YOUR INSTRUCTIONS: Given the entries below, would you transcribe exactly the lines starting at the one with "除了六(lù)安,还有60个地名容易读错!" and ending at the one with "- Durable Materials: Crafted", both kept, pictures omitted, nothing extra?
GIVEN DATA below:
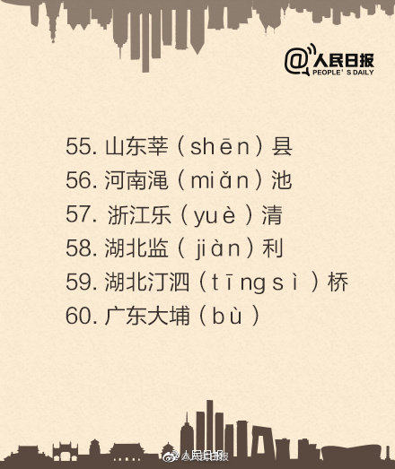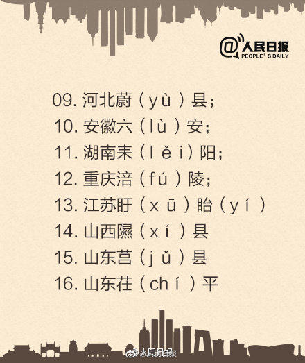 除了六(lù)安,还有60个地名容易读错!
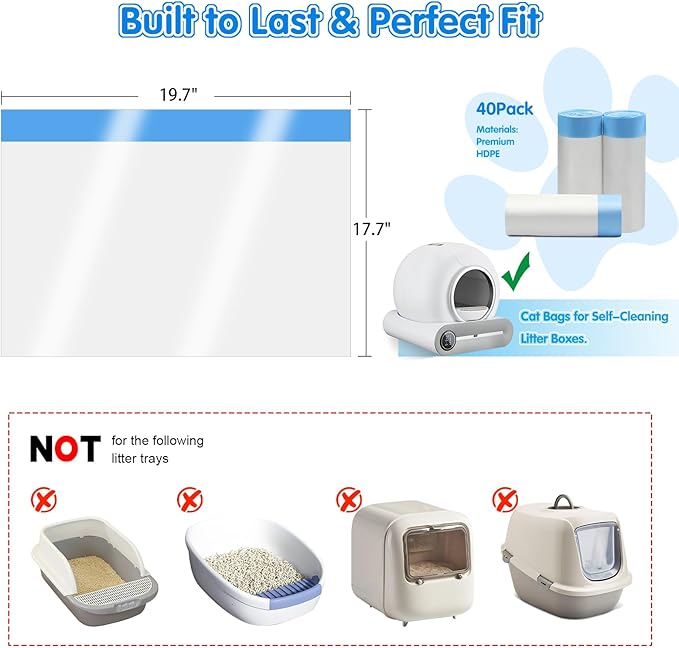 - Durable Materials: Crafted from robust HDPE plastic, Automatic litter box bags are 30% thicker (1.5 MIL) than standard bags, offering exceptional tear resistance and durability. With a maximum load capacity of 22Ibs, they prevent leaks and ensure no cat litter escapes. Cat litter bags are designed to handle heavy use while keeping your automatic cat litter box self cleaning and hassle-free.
End of GIVEN DATA.
GIVEN DATA below:
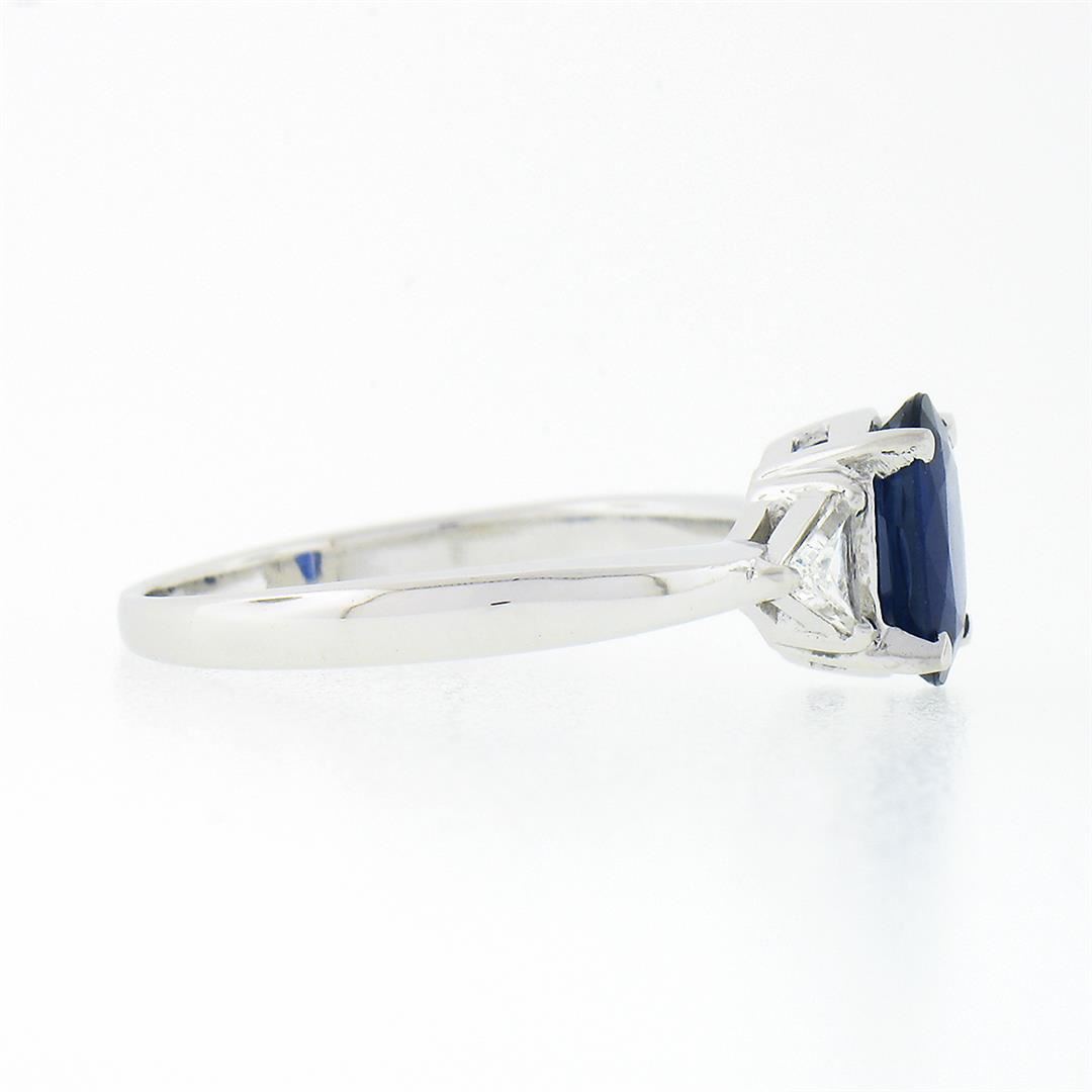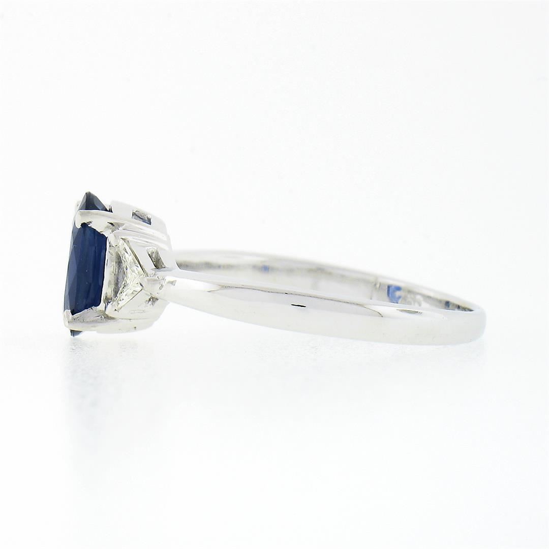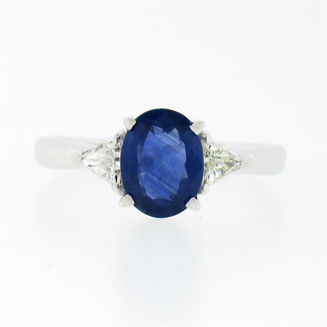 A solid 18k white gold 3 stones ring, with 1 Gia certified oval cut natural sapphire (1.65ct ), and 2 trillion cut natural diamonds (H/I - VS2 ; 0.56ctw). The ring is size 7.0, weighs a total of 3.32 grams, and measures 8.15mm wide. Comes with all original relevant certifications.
End of GIVEN DATA.
RESPONSE FOR THIS EXERCISE:
 除了六(lù)安,还有60个地名容易读错!
 - Durable Materials: Crafted from robust HDPE plastic, Automatic litter box bags are 30% thicker (1.5 MIL) than standard bags, offering exceptional tear resistance and durability. With a maximum load capacity of 22Ibs, they prevent leaks and ensure no cat litter escapes. Cat litter bags are designed to handle heavy use while keeping your automatic cat litter box self cleaning and hassle-free.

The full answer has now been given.